Friday, October 30, 2009

Clear your head

A number of years ago, working at Right Media,  I was struggling to solve the crisis of the moment. I don't recall exactly what was wrong, but I'm guessing we were totally down, not serving ads at all, and I was the one who needed to figure out what was wrong and fix it. In other words, the problem was more ops related than a problem with the code behind the ad servers themselves. At any rate, my boss, Brian (whom I continue to work for at AppNexus, gave me some good advice that has stuck with me to this day. He said, and I probably paraphrase a bit here, "Pete, you don't have a clear head. Go outside, walk around the block, then come back, figure out the right way to tackle this problem, and solve it." He was right. For me, clearing my head and then tackling the problem, despite the urgency of the situation, meant that I solved the problem faster than I would have if I had just sat there banging my head against the problem and letting frustration mount.

Fast forward to today. I've been working on a script that synchronizes data between our Netezza and MySQL. In other words, I have a table in Netezza, and I need to have it replicating to MySQL. Sounds simple, right? The complication is that the MySQL table has an extra field, called last_updated, which defaults to current timestamp. The data that I pull from the Netezza lacks this field.
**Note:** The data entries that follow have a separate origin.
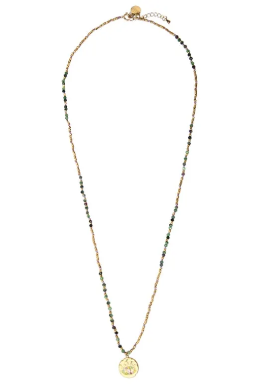 Add a pop of colour to your outfit with the Indira Necklace by jewellery designer Belle Mais Pas Que. These beaded green, purple, and gold necklace is the perfect way to accessorize and show off your unique style.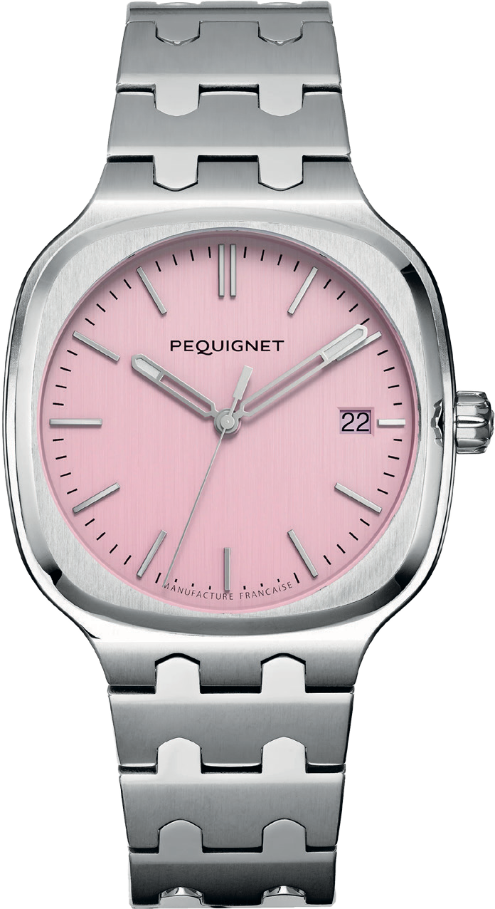 La manufacture française Pequignet revisite sa collection Concorde avec une douceur résolument féminine. Ce modèle, habillé d’un rose délicat, reprend les codes maison : acier poli, maille signature et calibre conçu et assemblé à Morteau. Une véritable ode au savoir-faire local, avec des composants sourcés à moins de 80 km de l’atelier.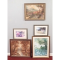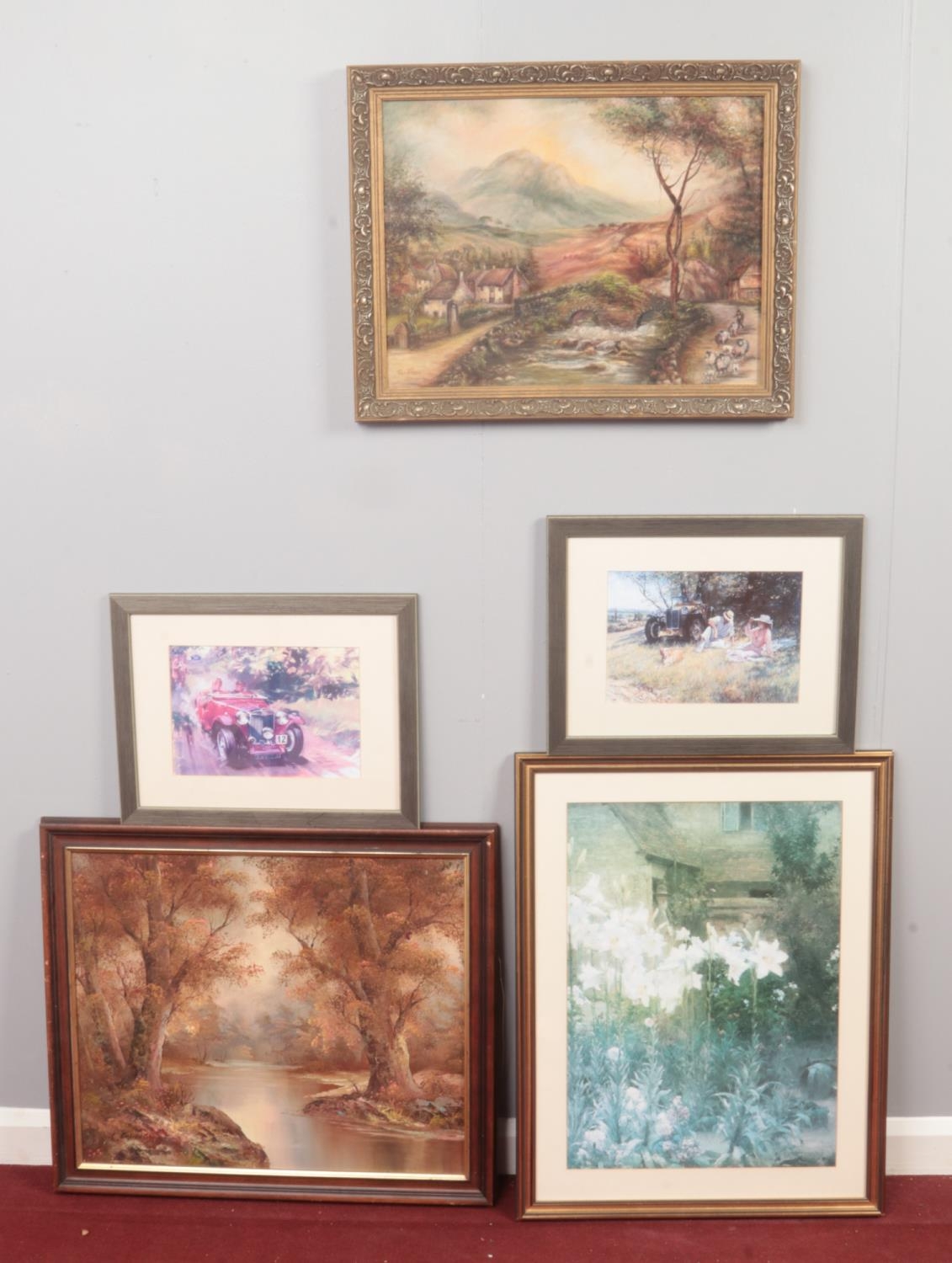 A selection of five paintings and prints. Comprising of an oil on canvas rural scene signed (I Cafiero) H: 50cm, W:59.5cm - an oil on board of a rural scene, signed by (D Harris) H: 39cm, W: 52cm, & three framed prints, one print of a garden scene signed by Walter Osbourne etc.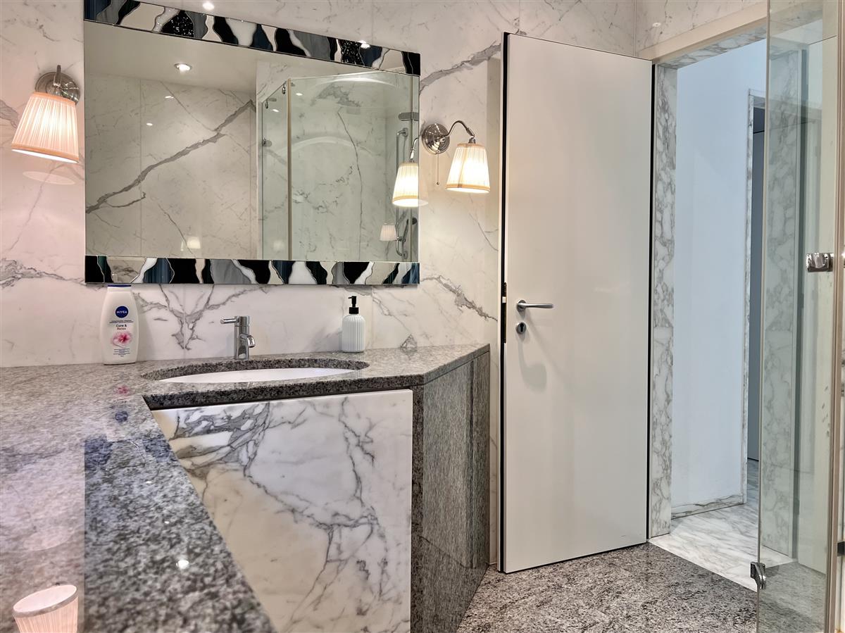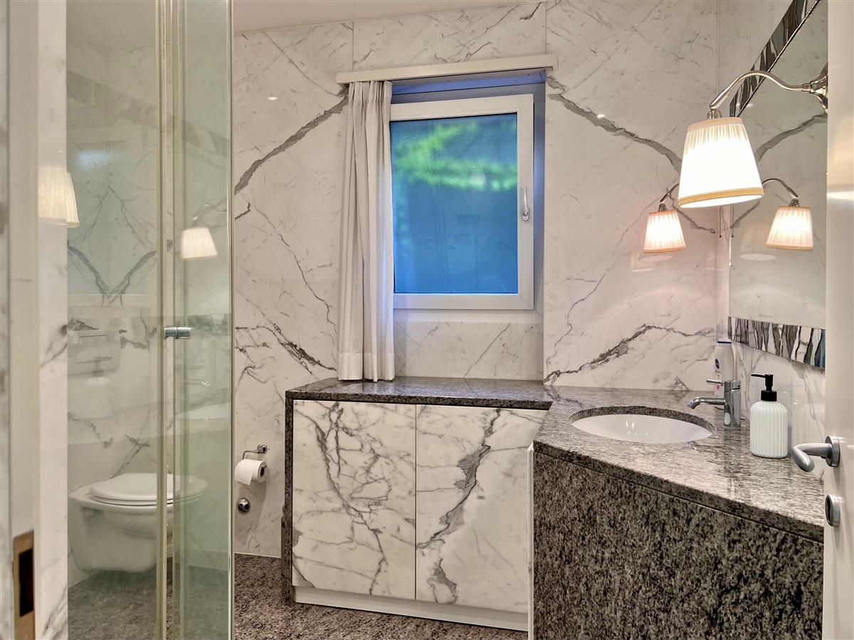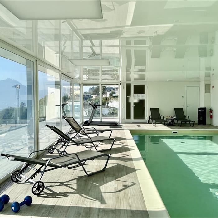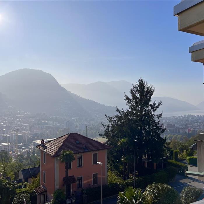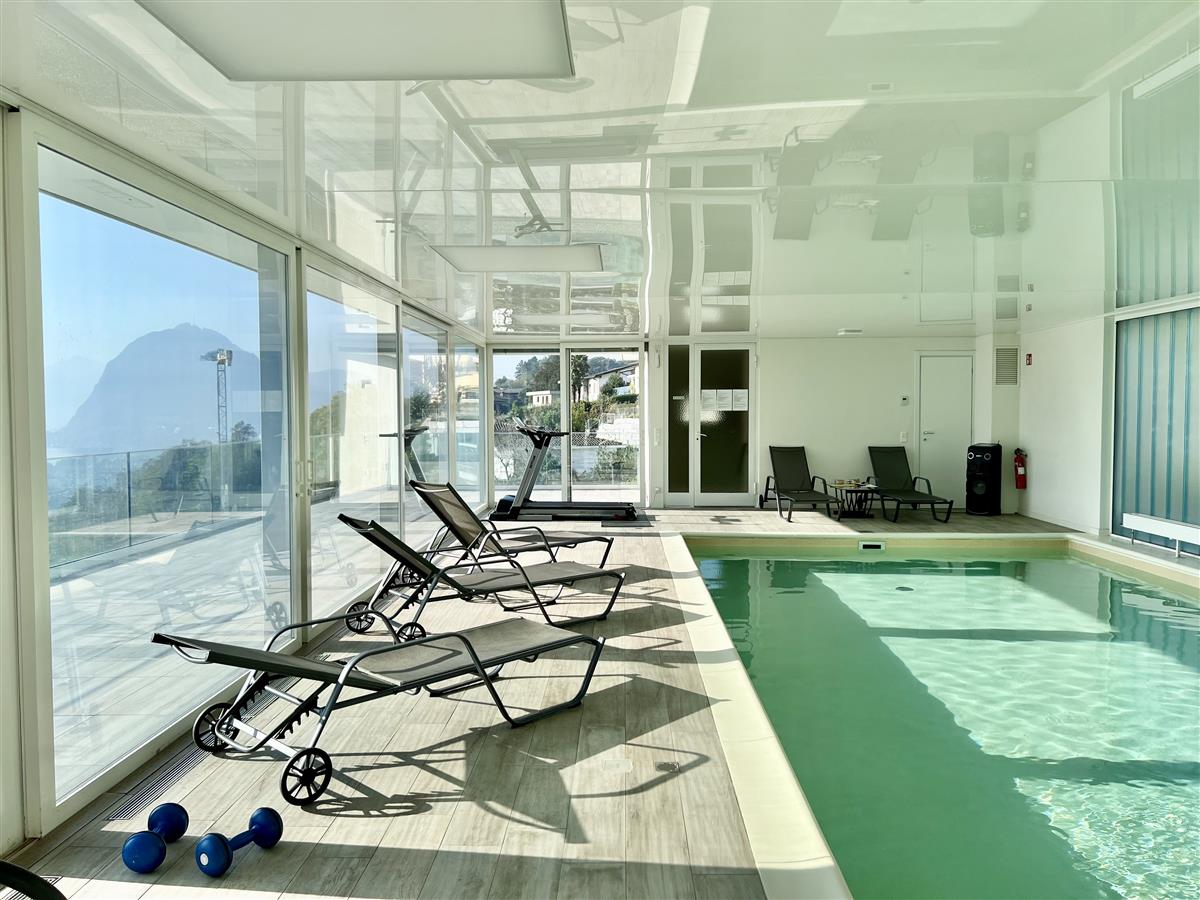 Porza. Spacious and Bright Furnished 2.5-Room Apartment We are renting a spacious and bright 2.5-room apartment, fully furnished, located on the 3rd and top floor of a well-maintained building. The bright living room, with marble flooring, opens onto a generous balcony. The fully equipped kitchen also has access to a smaller balcony. The master bedroom features a large custom-built wardrobe. The bathroom is fitted with a multifunctional shower that converts into a steam bath. In addition, the apartment includes a private washer-dryer. The property is equipped with air conditioning in all rooms and underfloor heating. All windows are fitted with mosquito screens. The building offers a stunning wellness area on the rooftop, including a covered swimming pool, spa area with steam bath, a spacious sun terrace with loungers, and breathtaking views of the lake and the city. A private cellar and a parking space in the underground garage complete the property. RENTAL TERMS: Rent: CHF 1,800 Advance for utilities: CHF 400 Parking space: CHF 150

Any data that does not need updating in MySQL should have this field left alone.

My first attempt (and what went into production) was this:

load data local infile '$csv_file' replace into table $mysql_table fields terminated by ',';

This worked just fine, until the Netezza table stopped populating and my script kept reading the same data over and over again and inserting the data (with fresh timestamps) into MySQL. This was not the desired affect. With MySQL, REPLACE INTO deletes rows and does new inserts, and since we weren't specifying the last_updated field, it would auto-populate with the current timestamp. Since the data I was inserting was identical to the data that was there before, the last_updated field should have been left alone.

So today, I was working on a new script that uses an ODBC connection via DBD::ODBC to get the data out of the Netezza and the DBD::MySQL module to connect to the MySQL. I had the code nearly done, and I stopped and looked at it.

And shuddered.

I realized that going by the "hit by the bus" theory, if someone else needed to take over my code, they were, to put it bluntly, screwed. And that didn't feel so good.

So, I took a walk.

When I returned, a much more elegant solution was in my brain, ready to go:

1) Select the data out of MySQL into a hash
2) Select the data out of Netezza
3) If the data isn't already in the hash, put it in the hash
4) If the data is in the hash but isn't identical, replace the value in the hash
5) If the data is in the hash and is identical, delete it
6) Iterate over the hash, creating INSERT INTO ... ON UPDATE ...; statements.

Now, I'm not positive I found the perfect solution OR that there isn't a better way, but my current solution is *much* better than what I had written previously.

When you've got a tricky problem to solve, take a walk.

1 comment:

Greg said...

Good advice. I used to take a walk around the block every day at 4pm and eat an apple to clear my head.